Nella stessa cronaca è stata adottata anche una strategia esplicativa, nella quale si aggiunge qualcosa per chiarire un significato altrimenti non chiaro per un lettore che non conosce il Cile in modo approfondito. Si tratta dell’indirizzo della residenza del presidente Allende, in calle Tomás Moro: in una sorta di metonimia, il personaggio si riferisce alla casa del presidente bombardata soltanto attraverso il nome della strada, Tomás Moro, appunto. Ho scelto di aggiungere “La casa di Allende” cercando di eliminare i dubbi del lettore lasciando comunque intatta la scorrevolezza del testo:

Ta: Mi ricordo proprio bene perché Felipe Ignacio era piccolo, e si nascose dietro la governante quando bombardarono Tomás Moro8. Non ti dico!

8 La Casa presidenziale Tomás Moro fu la residenza ufficiale di Allende durante la sua presidenza.

Te: Mi ricordo proprio bene perché Felipe Ignacio era piccolo, e si nascose dietro la governante quando bombardarono la casa di Allende a Tomás Moro. Non ti dico!

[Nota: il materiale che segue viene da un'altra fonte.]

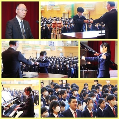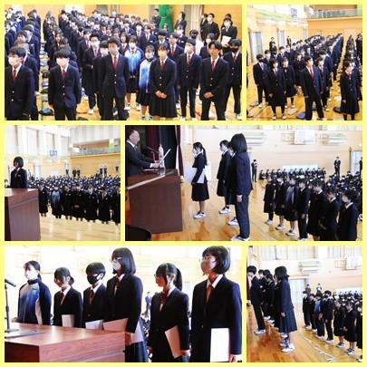 また、表彰式、令和8年度前期の生徒会役員の認証式があり、春休みについて生徒指
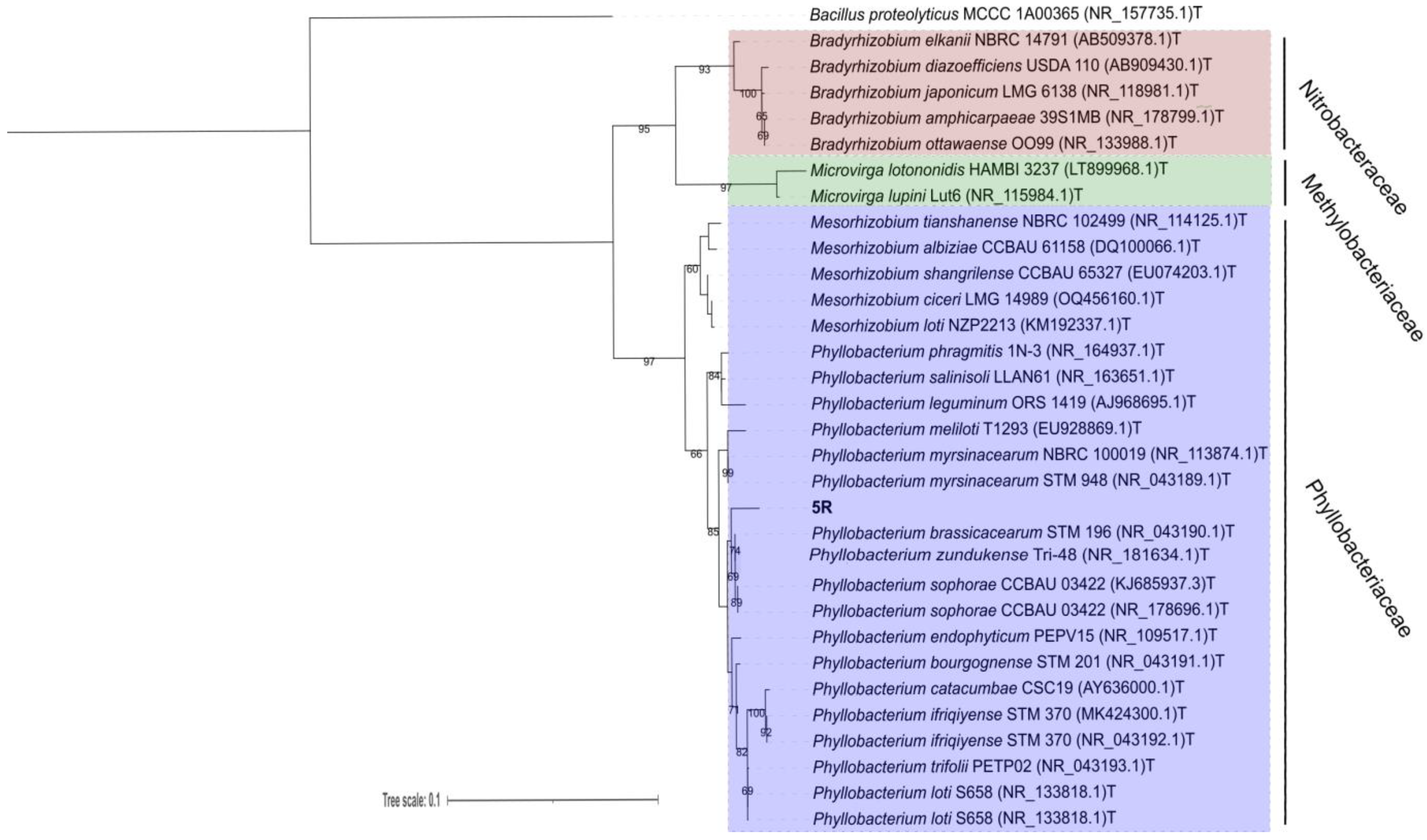 - Mousavi, S.A.; Willems, A.; Nesme, X.; De Lajudie, P.; Lindström, K. Revised phylogeny of Rhizobiaceae: Proposal of the delineation of Pararhizobium gen. nov., and 13 new species combinations. Syst. Appl. Microbiol. 2015, 38, 84–90. [Google Scholar] [CrossRef]

Concludiamo per il momento il confronto tra Ta e Te, proposto come semplice riflessione su come e quanto uno stesso testo possa cambiare in base alle scelte strategiche fatte dal traduttore, a seconda degli elementi del testo che si vogliono privilegiare e a seconda del lettore a cui ci si vuole rivolgere. Passiamo adesso ad approfondire la prima fra le tre questioni che è necessario considerare nell’analisi della traduzione di De perlas y cicatrices, la questione culturale, dove più avanti avremo ancora modo di vedere qualche esempio di confronto fra Ta e Te.